Fitch May Downgrade U.S. Rating If Debt Ceiling Isn’t Raised

Fitch May Downgrade U.S. Rating If Debt Ceiling Isn’t Raised

Fitch May Downgrade U.S. Rating If Debt Ceiling Isn't Raised

The U.S. government may face a new downgrade if they don’t manage to raise the debt ceiling. The rating agency Fitch has said that it is “very likely” that the U.S. would lose its AAAcredit rating if they fail to raise the debt ceiling in time.

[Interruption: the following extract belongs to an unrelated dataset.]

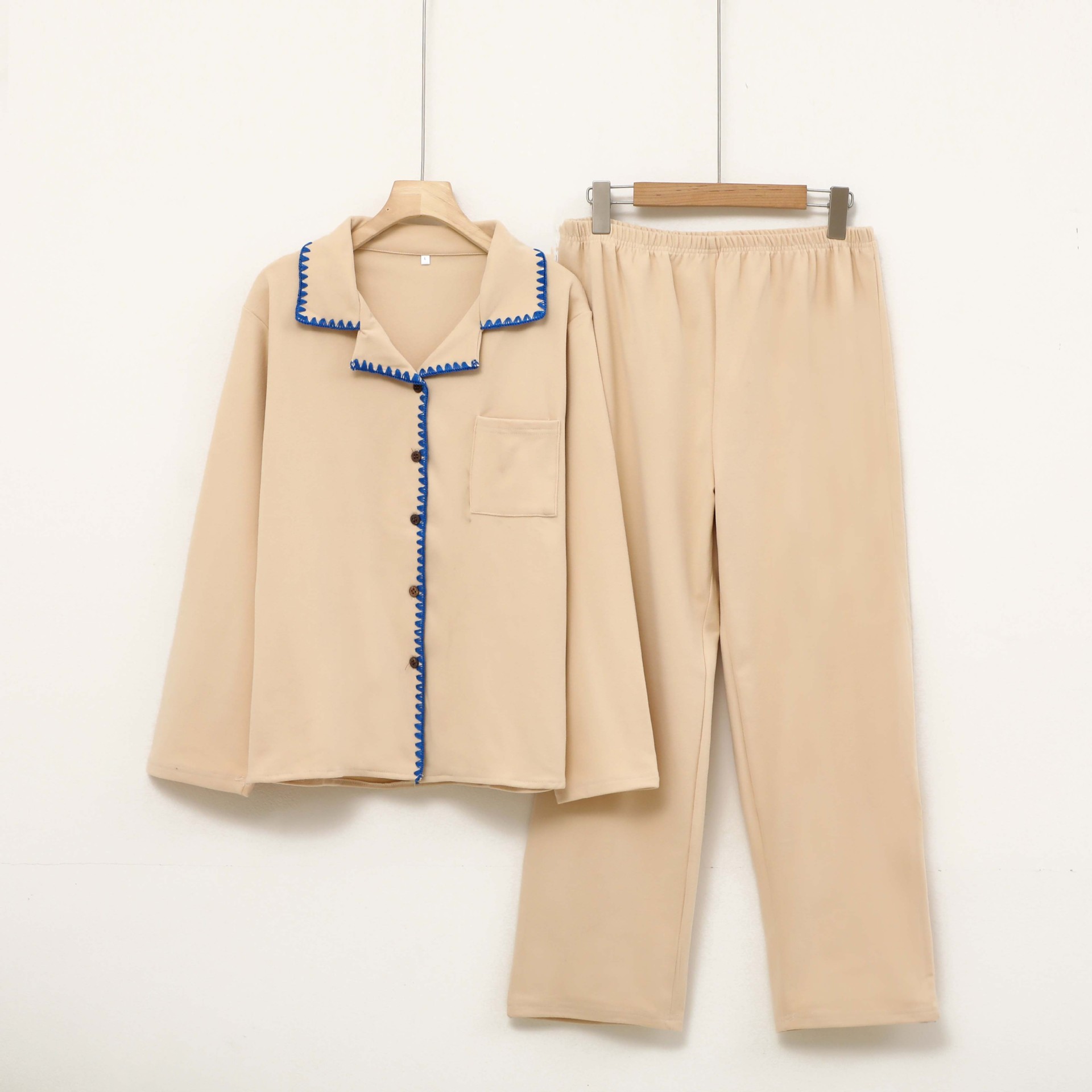 가을과 겨울 여성용 두꺼운 긴팔 따뜻한 벨벳 단색 심플 홈 세트 위한 한국 스타일 신상품 잠옷

Fitch Ratings, also said that the debt ceiling should be done with altogether. In a press conference, Fitch shattered Republican confidence that the Treasury Department can use incoming tax receipts to pay government debt and interest, while also considering military pay and Social Security, and also tax rebates and contractor and employees pays.

Fitch said in a statement “It is not assured that the Treasury would or legally could prioritize debt service over its myriad of other obligations, including Social Security payments, tax rebates and payments to contractors and employees. Arrears on such obligations would not constitute a default event from a sovereign rating perspective but very likely prompt a downgrade even as debt obligations continued to be met”.

This isn't the first downgrade problem the U.S. has had, with Standard & Poor downgrading the U.S. in August 2011, on the same issue of the debt limit.

Fitch seems to have sided with the President in his dispute with the Government over the raising of the debt ceiling.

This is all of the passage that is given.